**Data for review:**
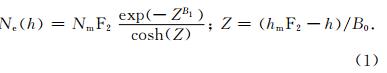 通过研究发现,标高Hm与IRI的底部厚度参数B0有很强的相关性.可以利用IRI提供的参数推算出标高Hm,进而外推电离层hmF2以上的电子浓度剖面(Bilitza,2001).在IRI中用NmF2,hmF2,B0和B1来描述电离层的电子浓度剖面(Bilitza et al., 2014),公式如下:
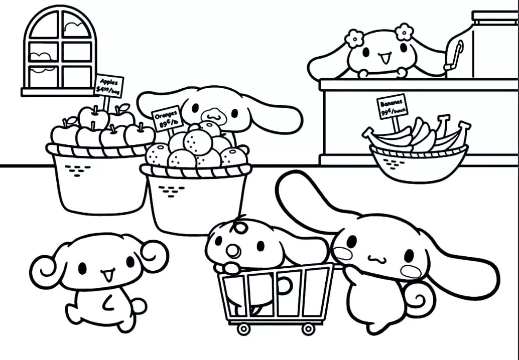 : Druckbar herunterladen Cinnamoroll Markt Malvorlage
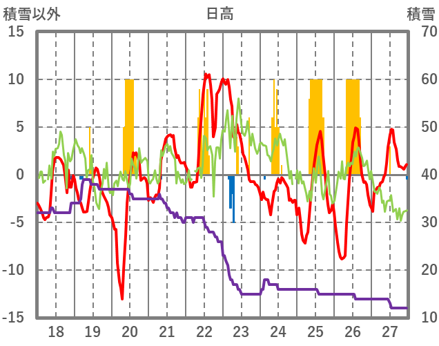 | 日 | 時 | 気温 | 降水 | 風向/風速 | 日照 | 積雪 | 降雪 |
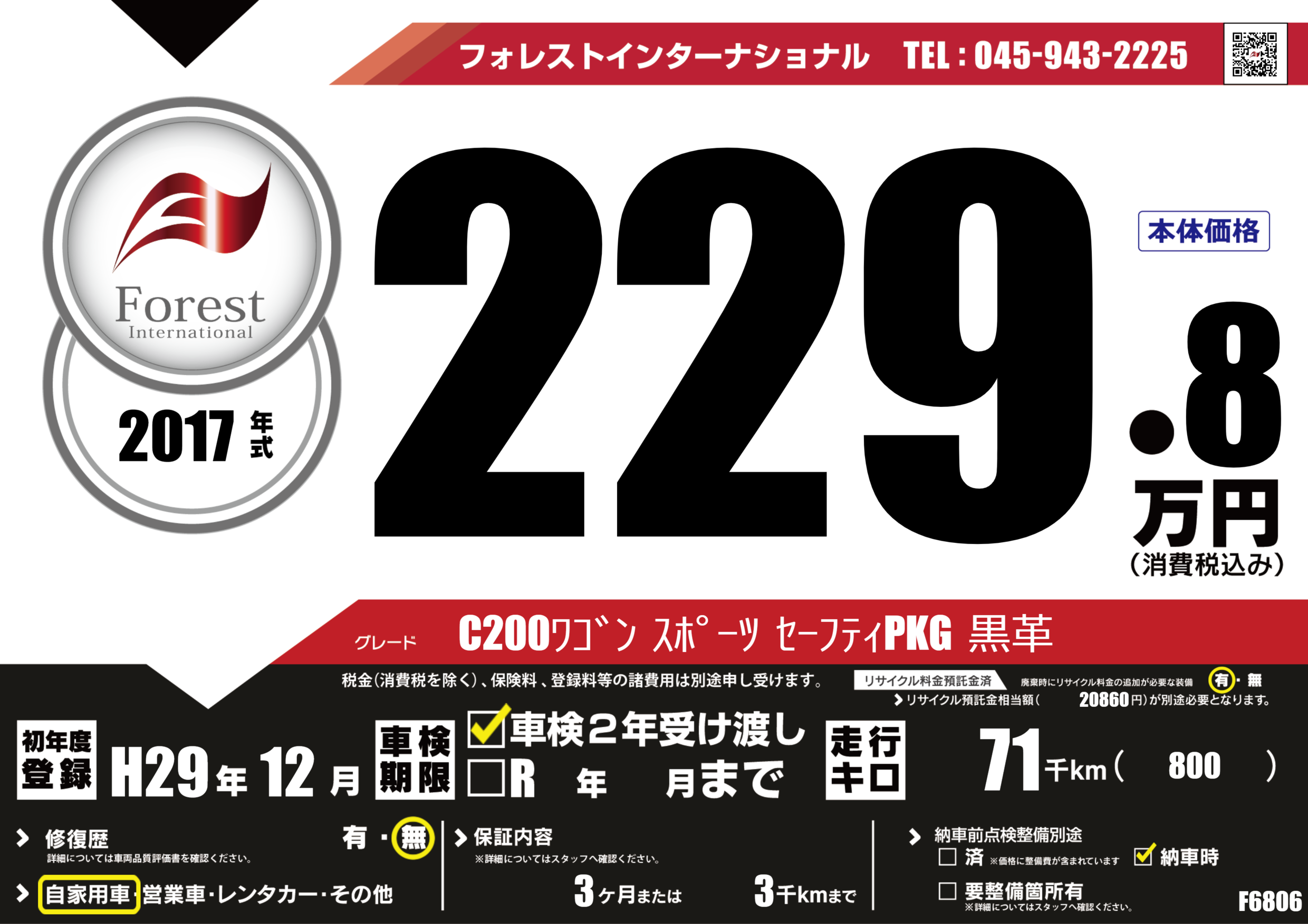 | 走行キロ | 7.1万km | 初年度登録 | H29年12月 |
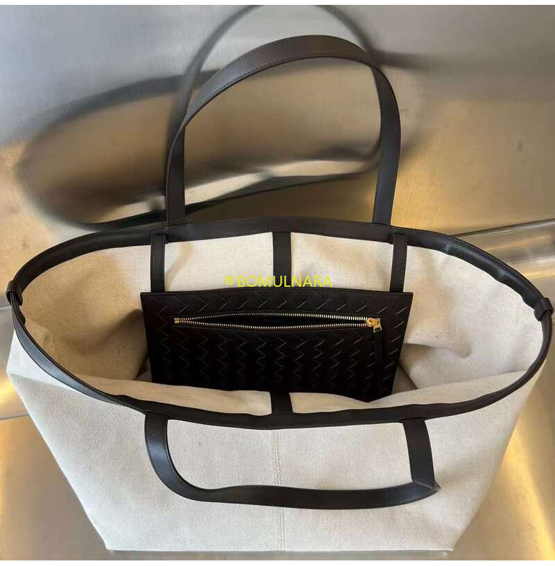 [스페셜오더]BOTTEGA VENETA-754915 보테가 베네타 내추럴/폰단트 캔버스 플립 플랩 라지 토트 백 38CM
---
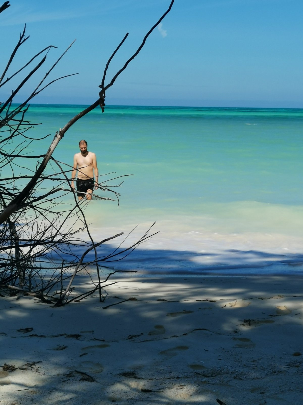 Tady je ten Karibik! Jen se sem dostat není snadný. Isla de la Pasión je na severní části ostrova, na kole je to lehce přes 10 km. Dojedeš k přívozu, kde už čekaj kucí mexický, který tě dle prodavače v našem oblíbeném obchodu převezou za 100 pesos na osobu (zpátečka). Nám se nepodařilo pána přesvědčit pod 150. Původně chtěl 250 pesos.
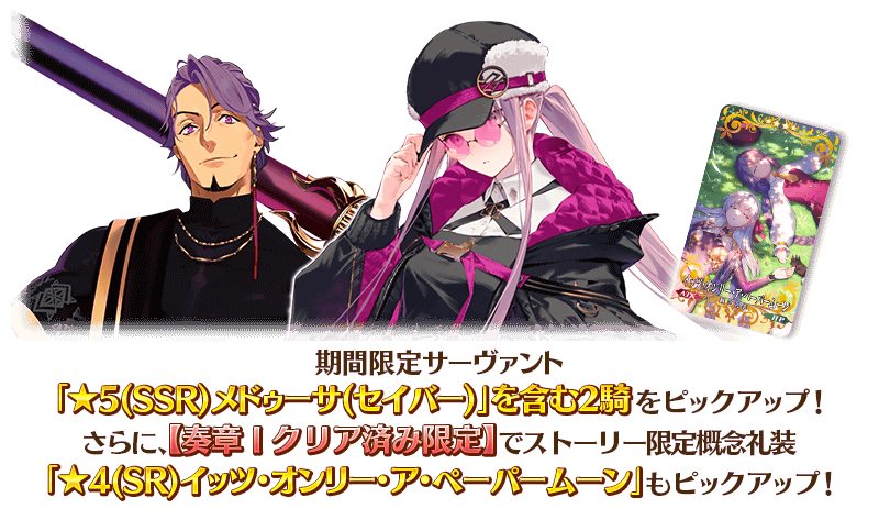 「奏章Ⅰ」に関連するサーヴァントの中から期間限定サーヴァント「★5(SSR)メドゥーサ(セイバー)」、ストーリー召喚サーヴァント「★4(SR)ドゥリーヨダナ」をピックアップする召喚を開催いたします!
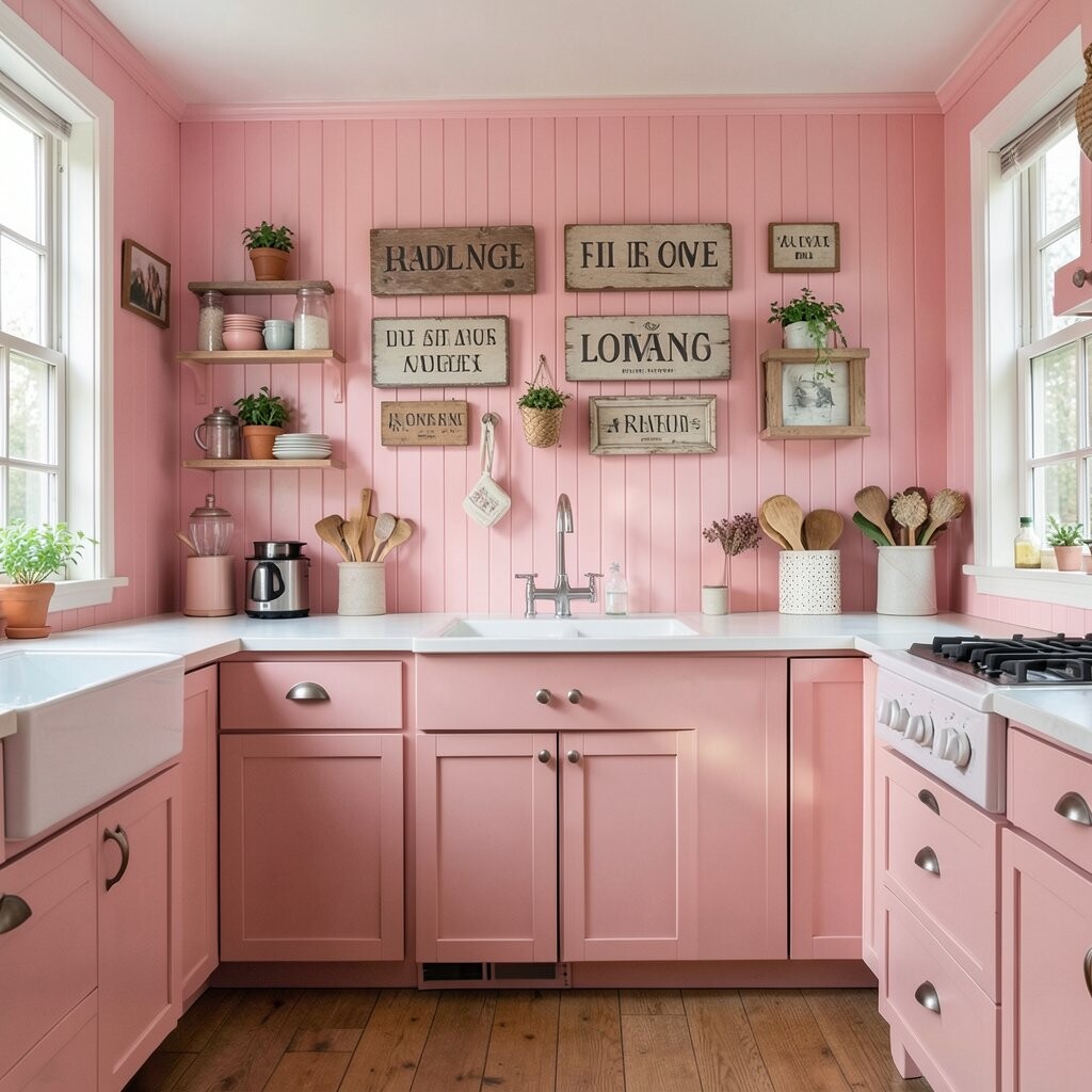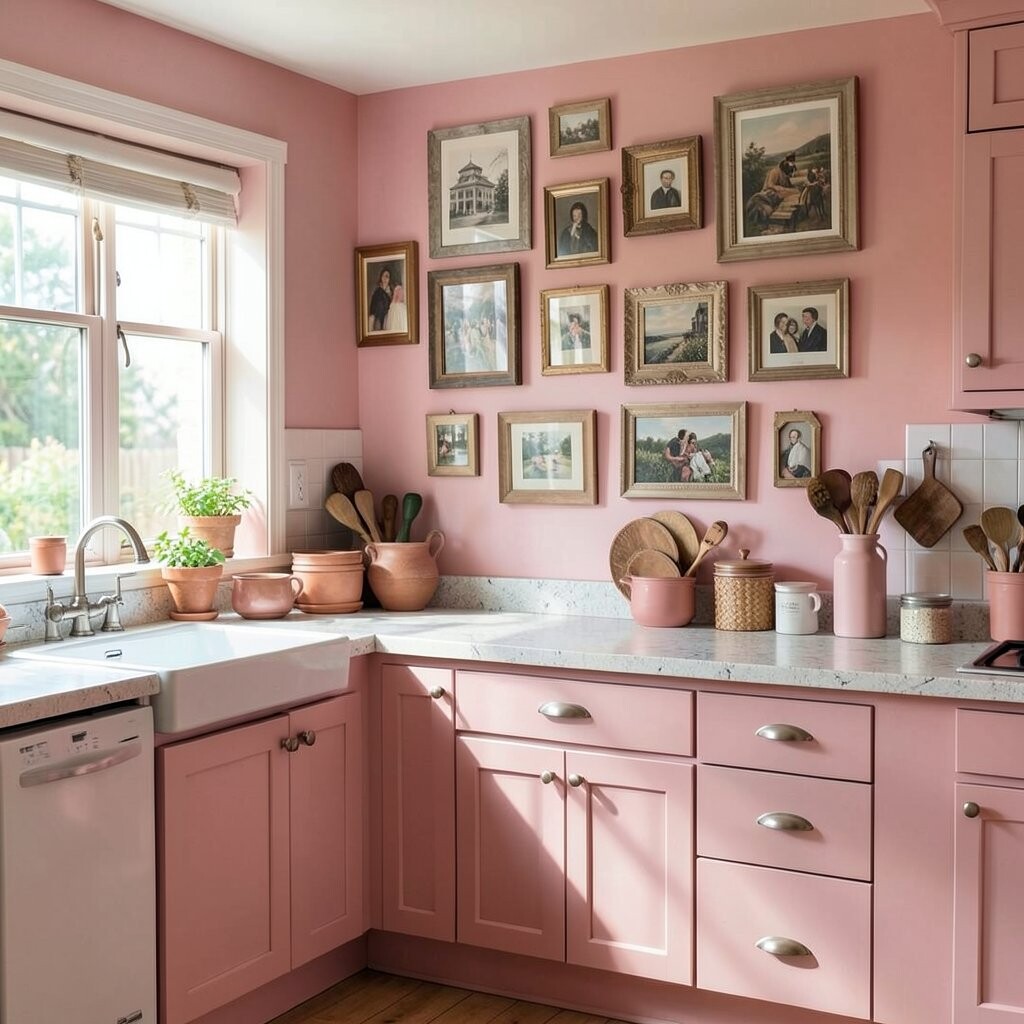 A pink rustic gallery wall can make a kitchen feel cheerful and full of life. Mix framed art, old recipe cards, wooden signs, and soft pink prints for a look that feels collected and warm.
--
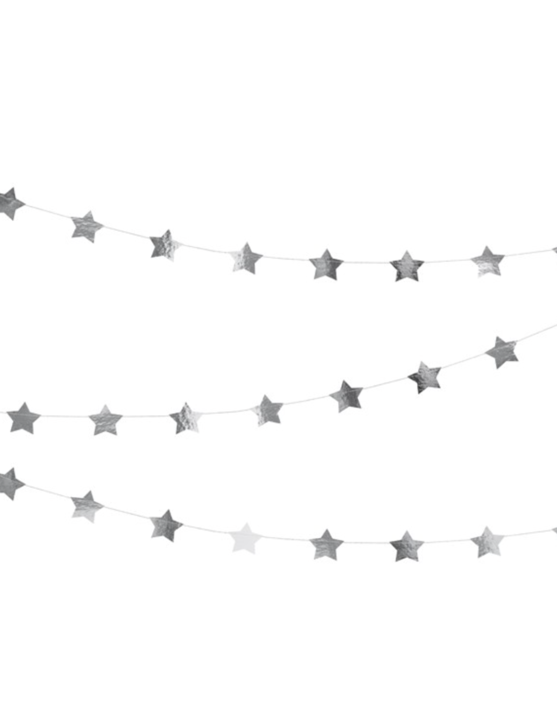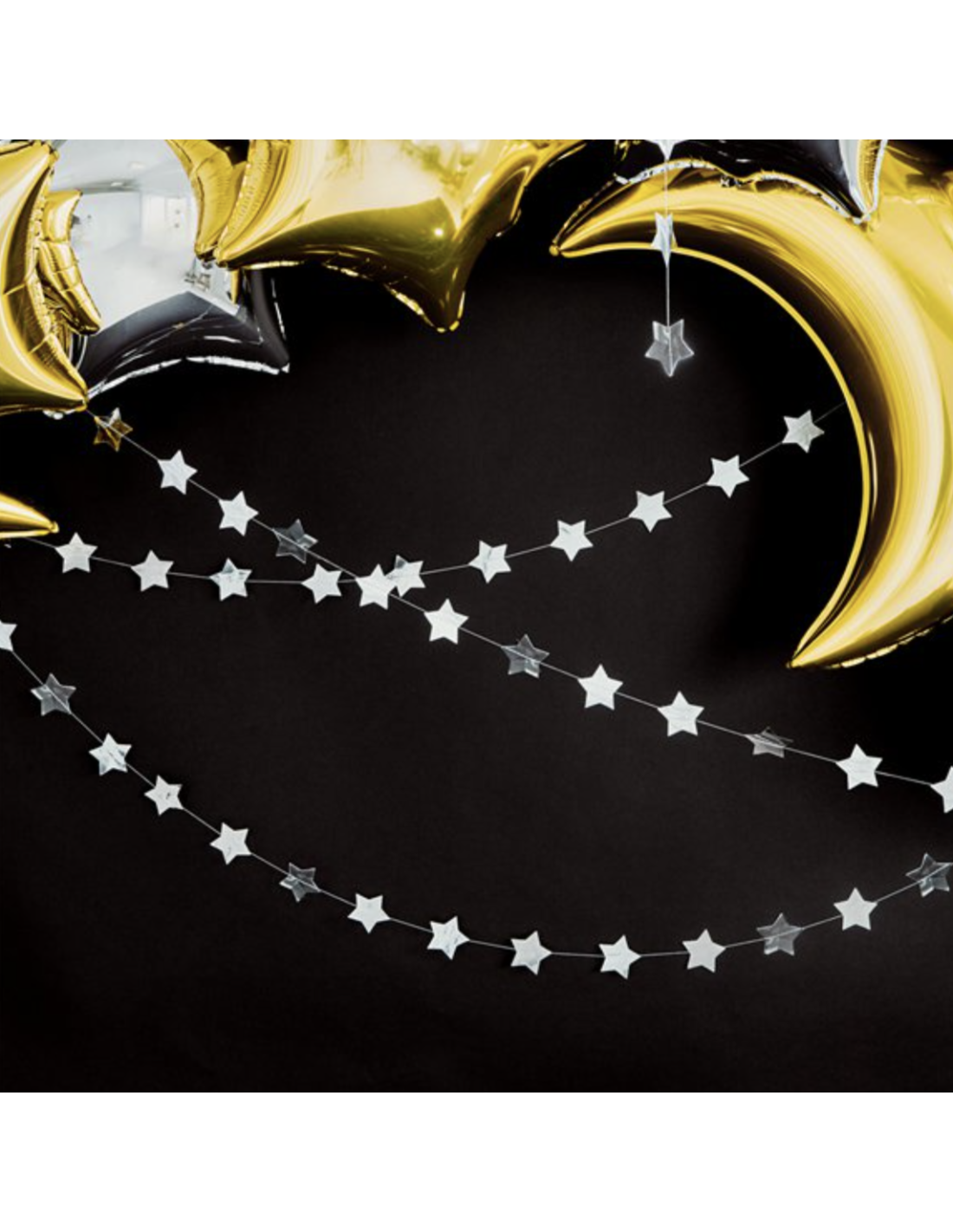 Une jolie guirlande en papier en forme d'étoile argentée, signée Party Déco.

**Problem statement:**
Take the entries above and copy exactly the lines starting at the one with "Tady je ten" and ending at the one with "A pink rustic"; nothing outside that span, and no pictures.

**Reply:**
 Tady je ten Karibik! Jen se sem dostat není snadný. Isla de la Pasión je na severní části ostrova, na kole je to lehce přes 10 km. Dojedeš k přívozu, kde už čekaj kucí mexický, který tě dle prodavače v našem oblíbeném obchodu převezou za 100 pesos na osobu (zpátečka). Nám se nepodařilo pána přesvědčit pod 150. Původně chtěl 250 pesos.
 「奏章Ⅰ」に関連するサーヴァントの中から期間限定サーヴァント「★5(SSR)メドゥーサ(セイバー)」、ストーリー召喚サーヴァント「★4(SR)ドゥリーヨダナ」をピックアップする召喚を開催いたします!
 A pink rustic gallery wall can make a kitchen feel cheerful and full of life. Mix framed art, old recipe cards, wooden signs, and soft pink prints for a look that feels collected and warm.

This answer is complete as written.